We will, we'll make it Mars and then from Mars to the rest of the system and then we'll turn our attentions toward Alpha Centauri and getting there within a semi-reasonable time frame.
Just you wait.

Before we run out of oil and fissile materials we should have developed fusion. If not then it doesn't matter they are running out anyway.

uranium is common in the Earth's crust

You can make methane very easily, even at home.
is this a fart joke?

>mfw I'm literally the worst

...and in the ocean. It's already cheaper to extract seawater uranium to run conventional, non-breeder reactors than it is to breed plutonium or U233 fuel.

We're not leaving this planet because we would rather fight each other than work together.

I agree with you that eventually there will be a break-even point.

I think we differ on when that break-even point will be, though. With all the new extraction technologies that have come out and the latest political tide that has rolled in (no more subsidies and the possibility of a carbon tax is almost null now) recently I'd place my bet on "not very soon."

I hope you're right and I'm wrong, user.

a thing that can be synthesized artificially
also not the only fuel in existence

>I hope you're right and I'm wrong, user.

They are already developing the technologies.

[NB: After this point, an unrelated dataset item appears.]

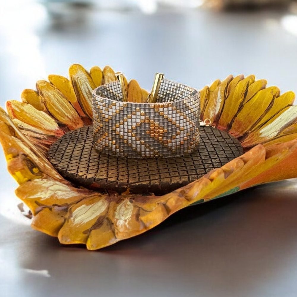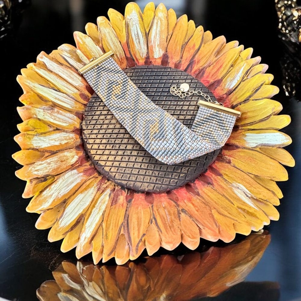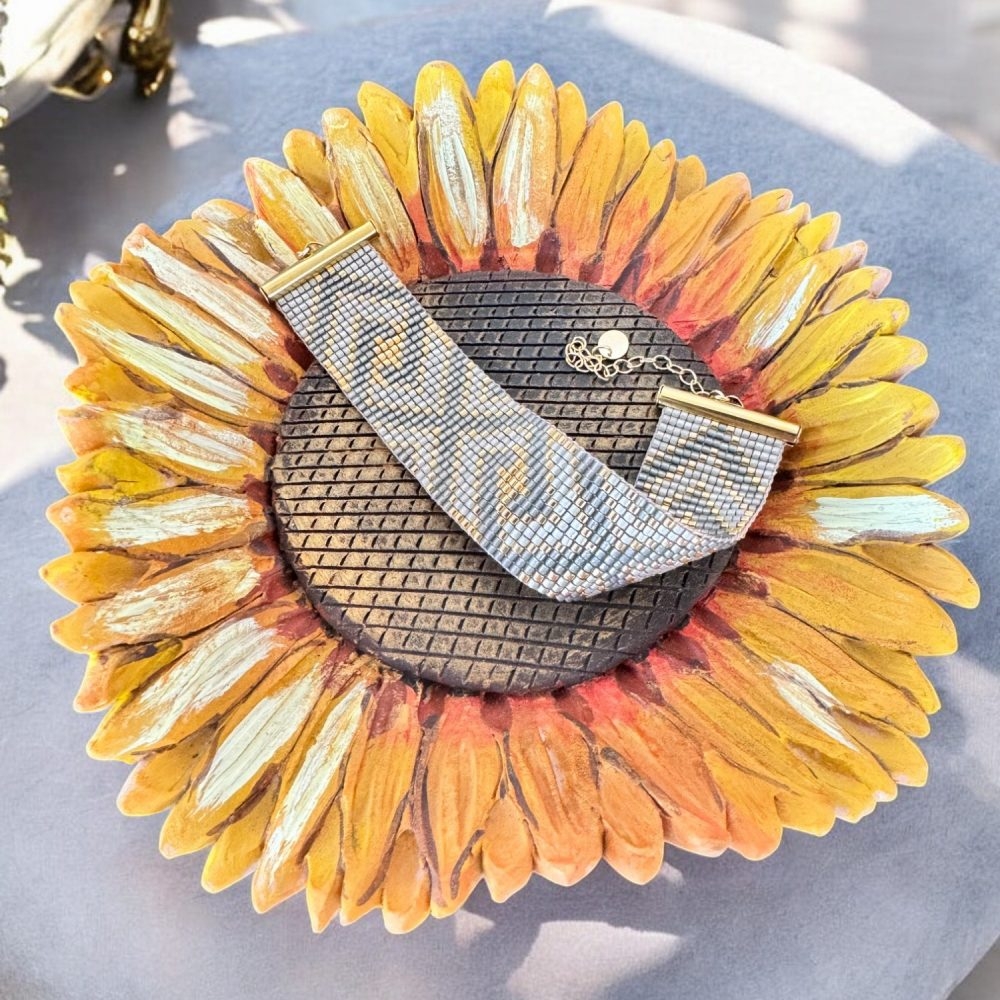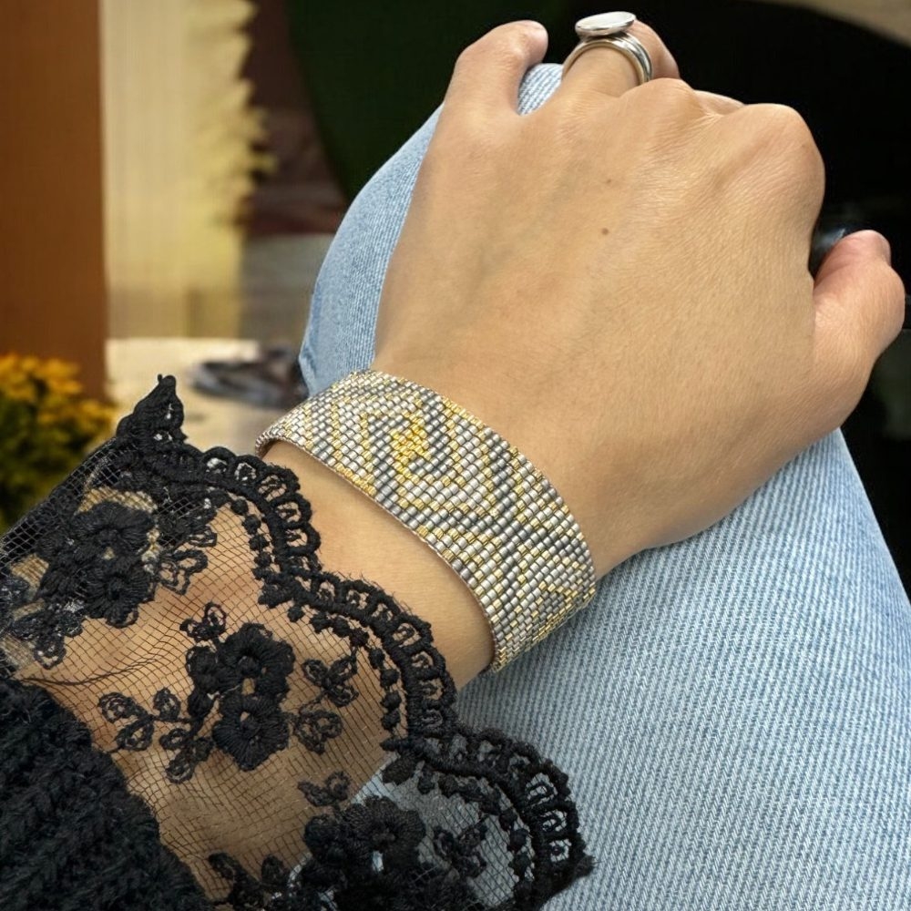 Adauga o nota de eleganta moderna tinutei tale cu bratara multistrat realizata manual din margele de nisip Miyuki. Designul sofisticat imbina tonurile de gri metalizat deschis si inchis cu accente aurii, creand un accesoriu versatil, perfect pentru orice ocazie.

en.wikipedia.org/wiki/Bioplastic

If you go through a list of petroleum products, all of them have non-petroleum alternatives. People are cheap, want cheap and want to make money. Since petroleum is versatile and energy dense for the most part, it is merely the cheaper alternative.

Let me tell, I really really really refrained from making a brap-meme when posting that. Regardless, a DIY home biogas digester is absurdly easy to make. You literally just put shit in a bottle with some hay, straw, or other such cellulose. Literally making jenkem, except you can actually use it for fuel and fertilizer, instead of making a fool of your local sheriff's office.

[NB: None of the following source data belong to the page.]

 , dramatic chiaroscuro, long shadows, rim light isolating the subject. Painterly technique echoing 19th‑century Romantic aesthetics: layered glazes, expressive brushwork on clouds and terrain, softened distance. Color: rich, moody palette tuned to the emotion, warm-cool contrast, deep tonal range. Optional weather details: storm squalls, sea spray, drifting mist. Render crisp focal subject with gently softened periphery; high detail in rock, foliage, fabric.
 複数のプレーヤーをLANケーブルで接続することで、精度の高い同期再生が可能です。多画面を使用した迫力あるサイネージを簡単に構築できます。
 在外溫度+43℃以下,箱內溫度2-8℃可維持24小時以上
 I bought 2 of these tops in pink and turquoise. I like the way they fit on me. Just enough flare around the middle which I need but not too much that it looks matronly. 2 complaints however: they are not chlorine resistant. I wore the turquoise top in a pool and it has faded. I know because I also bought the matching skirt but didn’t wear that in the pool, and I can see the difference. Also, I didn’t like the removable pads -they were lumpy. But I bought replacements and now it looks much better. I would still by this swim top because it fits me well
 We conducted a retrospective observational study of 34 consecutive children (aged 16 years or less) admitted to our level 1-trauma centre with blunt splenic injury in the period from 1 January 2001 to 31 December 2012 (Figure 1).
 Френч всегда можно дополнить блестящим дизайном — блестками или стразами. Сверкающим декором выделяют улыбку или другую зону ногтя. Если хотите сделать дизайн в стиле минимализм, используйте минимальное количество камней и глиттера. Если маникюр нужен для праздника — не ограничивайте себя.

>People are cheap, want cheap and want to make money. Since petroleum is versatile and energy dense for the most part, it is merely the cheaper alternative.

Thanks for making my point for me. It all comes down to that break-even point. Until then, people with money simply aren't going to invest in the tech because it's a stupid investment.

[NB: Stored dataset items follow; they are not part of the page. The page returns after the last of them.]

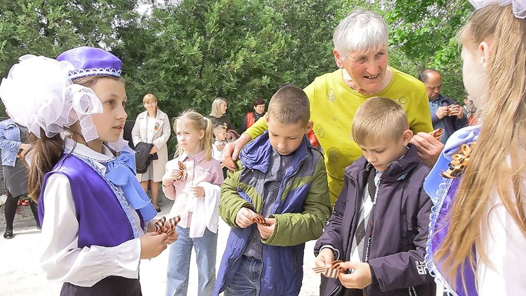 В этом году акцию «Геориевская ленточка» проводят в России и других странах мира в 20-й юбилейный раз. От партии «Обновление» жителям села раздали георгиевские ленточки. В свою очередь школьники подарили гостям ленточки, сделанные своими руками.
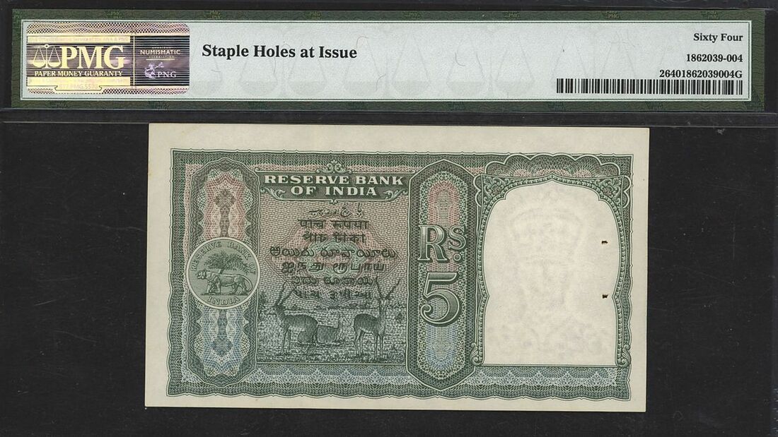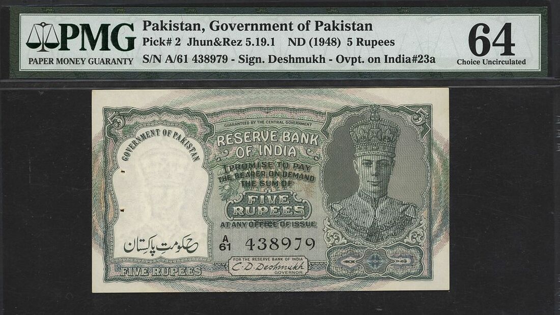 (x) Government of India, Pakistan, [Top Pop] 5 rupees, ND (1948), serial number A/61 438979, (Pick 2, Jhun&Rez 5.19.1, BNB 103), in PMG holder 64 Choice Uncirculated, staple holes at issue
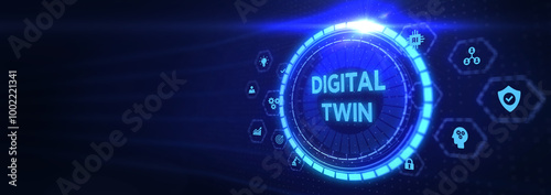 Digital twin industrial technology and manufacturing automation technology. 3d illustration
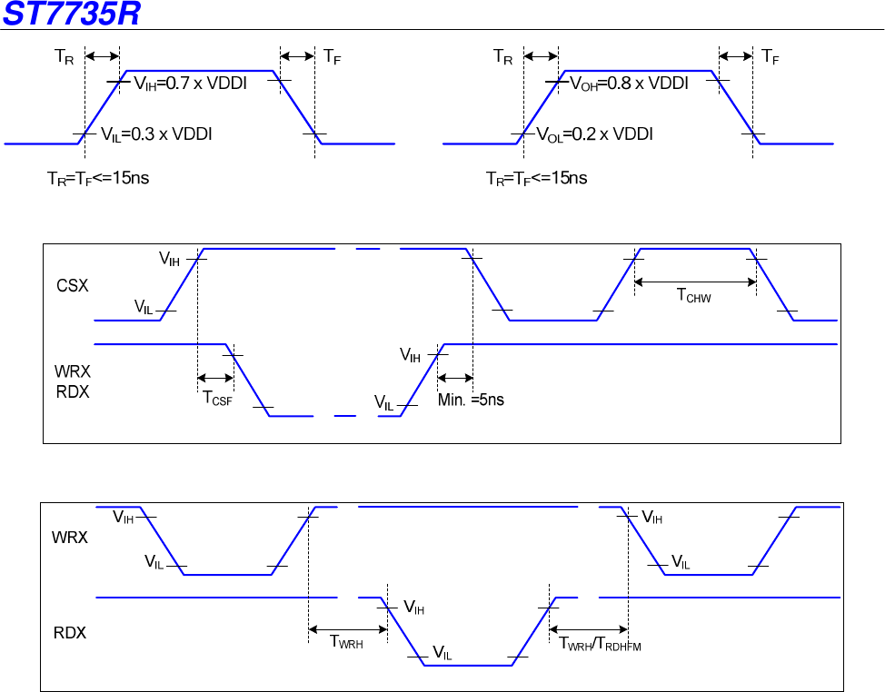 ST7735R Parallel Interface: 8080,6800(8-bit/9-bit/16-bit/18-bit)
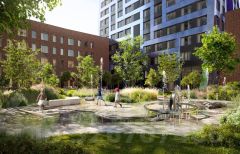 Благоустройство (2,28 га): зоны для работы на воздухе, сезонная речка, летний кинотеатр, озеленение 50% территории.
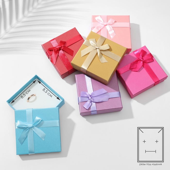 С нашими прекрасными коробочками любой подарок станет еще лучше и ярче. Футляр выполнен из прочного плотного картона. Оптимальный размер коробки 9*9см позволяет разместить разнообразные виды ювелирных изделий – от сережек до колье. Внутри каждой коробочки с крышкой есть белая бархатная подложка. С помощью специальных прорезей на подушечке можно аккуратно разместить и зафиксировать цепочки, гвоздики и перстни. А если убрать подложку, упаковка подойдет даже для часов с мягким плоским ремешком или на цепи.
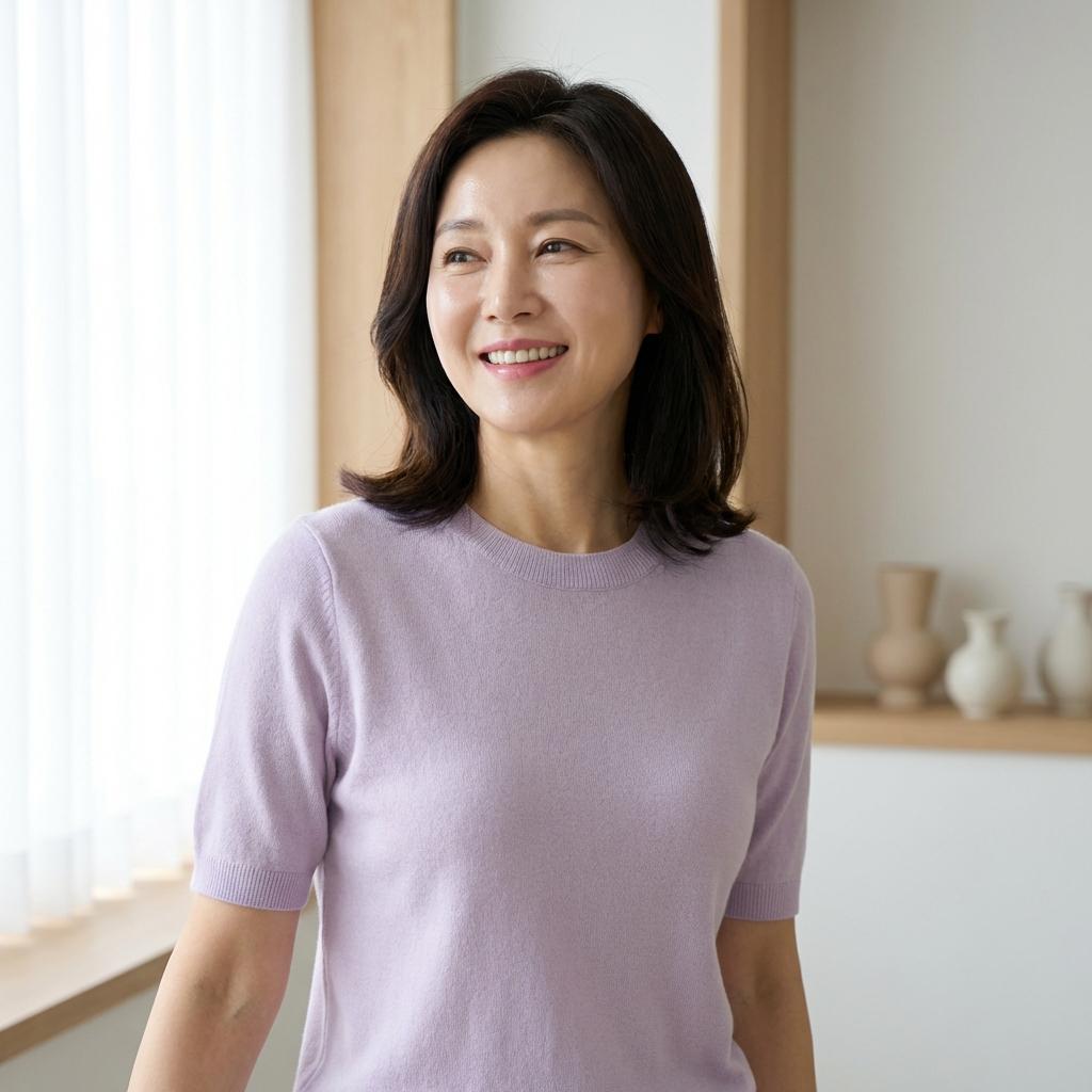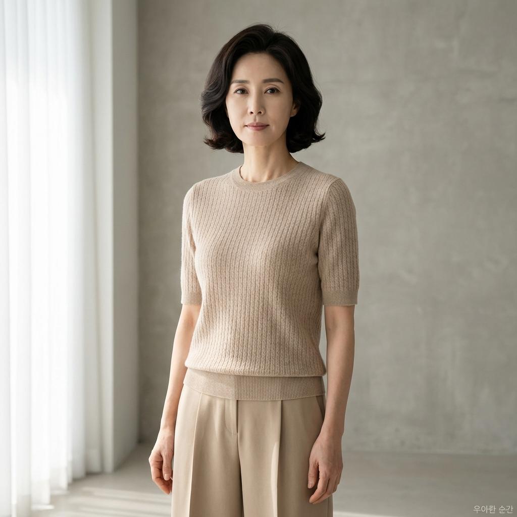 이러한 체형 고민을 해결하면서도 중년의 우아함을 극대화할 수 있는 아이템이 바로 반팔 니트 입니다. 적당한 두께감과 고급스러운 소재를 선택한다면 체형 보완은 물론, 격식 있는 자리에서도 빛나는 스타일을 완성할 수 있습니다.

The technology needs to be able to survive and compete in the marketplace (or be heavily subsidized). Maybe that will happen when the available supply of fossil fuels goes down and alternatives look more attractive. Maybe that will happen when the alternatives become so plentiful that they become cheaper than the fossil fuels. Who knows? But then, and only then, will there be your fabled "Green Revolution."

I'm not holding my breath though.

Solar's already the cheapest energy source for powering air conditioners in hot, sunny places. It and storage methods need to keep getting cheaper for it to win at baseload and dispatchable power, but it's going in that direction.

Remember that the world isn't all one big market. There are borders and transportation costs. Moving fuel around is fairly costly, and governments are loath to allow money to be sent out of their country for basic needs which can be satisfied domestically. If they don't maintain trade balance, it's slow economic destruction. If a country doesn't have good fossil fuel resources of its own, it's motivated to invest in alternative energy.

So... You guys are basically stating that economic growth leads to economic growth... BUT... Economic growth also halts economic growth?
Econometric graph series when?

>The technology needs to be able to survive and compete in the marketplace

That's a moot point since we are still talking about oil going well past that tipping point. It isn't like we will forget the other technologies. We don't really need to talk about it pre-tipping point. The main discussion point being that we have the tech to completely replace everything oil can do.

nah, there are other energy sources on the planet that we can tap.

>Rocket fuel is not oil based

correct... much of it is hydrogen and oxygen.. or methane and oxygen.

unless you are talking about Hypergolics

Just want to point out that I'm lretty sure most produced H2 comes from hydrocarbons
CH4 + 2 H2O > CO2 + 4 H2

Obviously, but the brainlets here can't understand how anything works.